Stupisce inoltre che il candidato sindaco del Partito democratico a Capalbio, tornato oggi a opporsi all’autostrada – forse perché in campagna elettorale? – abbia delle posizioni così poco coerenti con quelle del passato e così in contrasto con quelle dell’attuale presidente della Regione Toscana Enrico Rossi (eletto dallo stesso Pd che sostiene l’ex sindaco a Capalbio), il quale solo pochi giorni fa ha scritto ‘… l’autostrada tirrenica [è] una esigenza fondamentale per lo sviluppo della costa e della Maremma. …’.

Vi sono inoltre delle questioni giuridiche non affatto irrilevanti: da un’attenta considerazione delle norme vigenti in materia d’infrastrutture, emerge che i Comuni non hanno praticamente alcuna voce in capitolo, lasciando la legge tutto in mano a Governo nazionale, Regioni e Province.

In conclusione: quel che le donne, i giovani e i candidati di ‘Adesso per Capalbio’ devono proporre agli elettori capalbiesi, lo fanno con abnegazione continuamente, dalle prime ore della giornata fino alle ore piccole della notte. Noi i dibattiti li facciamo nelle assemblee cittadine, nei porta a porta, nelle discussione con chi la pensa differentemente da noi.
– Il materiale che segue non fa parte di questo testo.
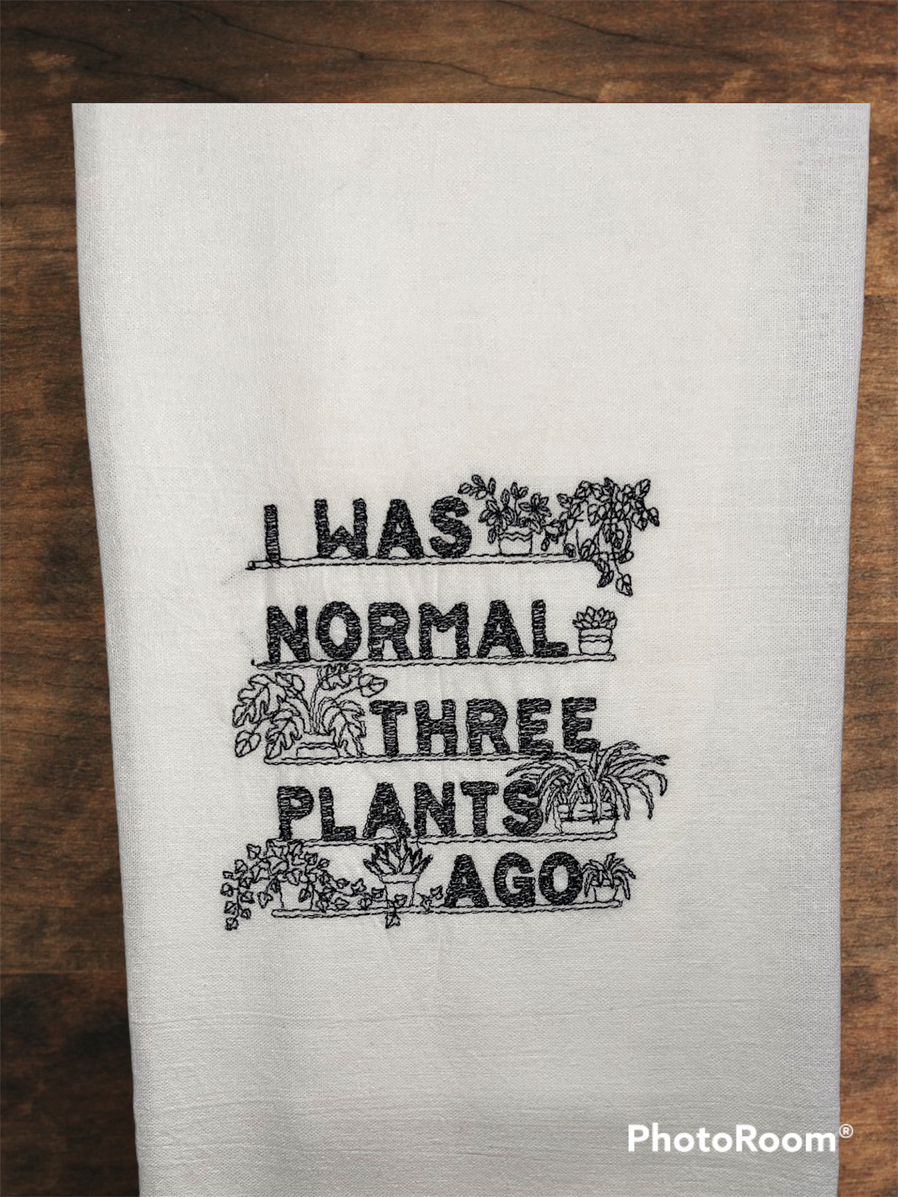 I Was Normal 3 Plants Ago Embroidered Kitchen Towel

Questo è il dibattito che ci interessa: sulle idee, sulle proposte per ridare un futuro a Capalbio e non sui personalismi, sulle acrobazie da palco di chi, su questioni come autostrada o biogas, vuole ancora far credere ai capalbiesi che esse siano ancora nelle nostre mani quando, da tempo ormai, non lo sono più.
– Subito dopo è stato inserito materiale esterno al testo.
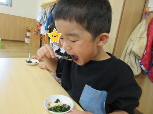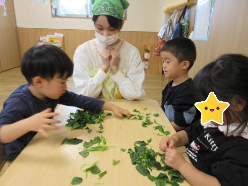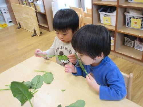 たんぽぽ海神町南保育園 『食育(ほうれん草)』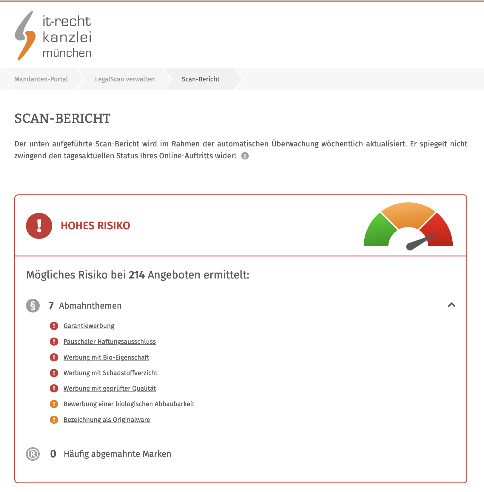 eingängiger Auflistung aller gefundenen Abmahnrisiken und individuellen Bedien- und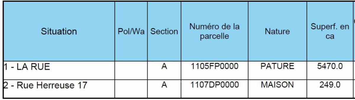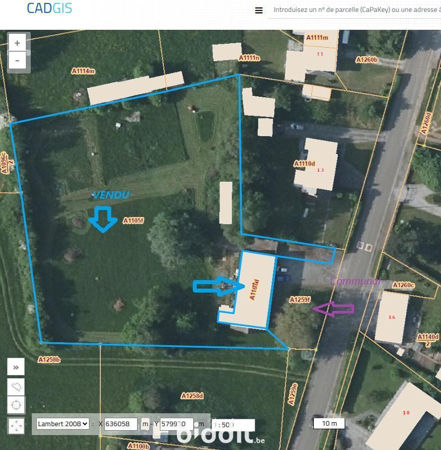 Particularité : la devanture est située sur la parcelle communale 1259F (5 a 13 ca) ; régularisation possible le jour de l’adjudication moyennant 10.926,19 € en sus.

Il contraddittorio, a noi, ci piace averlo con gli elettori, non con i nostri avversari-candidati, questi forse intimoriti dall’aver perso il contatto con i capalbiesi o magari volenterosi di fare un amalgama dei ‘due litiganti’.

Continueremo a stare tra la gente e a lavorare con chi la pensa come noi sul futuro di Capalbio e soprattutto a lottare, fino all’ultimo, per convincere chi, ancora, non la pensa come noi”.